Jabłka obieramy, usuwamy gniazda nasienne, ścieramy na tarce jarzynowej z grubymi oczkami (najlepiej robotem z odpowiednia tarką). Przekładamy do garnka, z cytryny wyciskamy sok i dodajemy do jabłek. Do jabłek dodajemy też 1 szklankę cukru i 1/2 szklanki wody. Całość zagotowujemy i gotujemy 10 minut. Dodajemy jeszcze tyle cukru, żeby jabłka były wystarczająco słodkie (trzeba spróbować), rodzynki i cynamon (ilość według gustu) i gotujemy jeszcze 5 minut. Przekładamy gotowe jabłka do słoików, zakręcamy i pasteryzujemy 30 minut. Możemy wykorzystać dowolne jabłka, nawet papierówki. Ilość użytego cukru zależy od tego, jak kwaśne są jabłka. Takie jabłka można wykorzystywać do ciast, naleśników a także jako samodzielny deser.
Mam pytanie, czy dużo soku jest w tych jabłkach tzn. czy trzeba je odcisnąć zanim wyłoży się na placek?

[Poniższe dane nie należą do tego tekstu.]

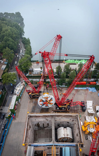 年內(nèi),兩湖隧道建設(shè)所需的“東湖號(hào)”“功勛號(hào)”“爭(zhēng)先號(hào)”3臺(tái)盾構(gòu)機(jī)將陸續(xù)完成組裝和始發(fā)。其中,“東湖號(hào)”盾構(gòu)機(jī)是兩湖隧道工程首個(gè)下井的盾構(gòu)機(jī),待刀盤定位安裝后,“東湖號(hào)”盾構(gòu)機(jī)將開展管線聯(lián)接、調(diào)試等后續(xù)工作,計(jì)劃于6月底正式始發(fā),一路向北掘進(jìn),穿越東湖,直達(dá)省博工作井。另外,位于省博工作井的“功勛號(hào)”盾構(gòu)機(jī),也在進(jìn)行著緊張忙碌的組裝,并計(jì)劃于近日實(shí)施刀盤吊裝。
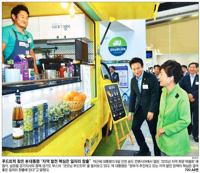 조선일보도 박 대통령이 9일 인천 송도 컨벤시아에서 열린 '2015년 지역희망박람회'에 참석, 남경필 경기지사와 함께 경기도 부스의 '굿모닝 푸드트럭'을 둘러보고 있는 장면을 전했다.

Ilość soku zależy od odmiany jabłek, z której zrobimy przetwory. Jeśli potrzeba to można je odcisnąć choć ja z tym radze sobie w ten sposób że dosypuję troche tartej bułki i dokladnie mieszam. Nie wpływa ona na smak jabłek a doskonale wchłania nadmiar soku.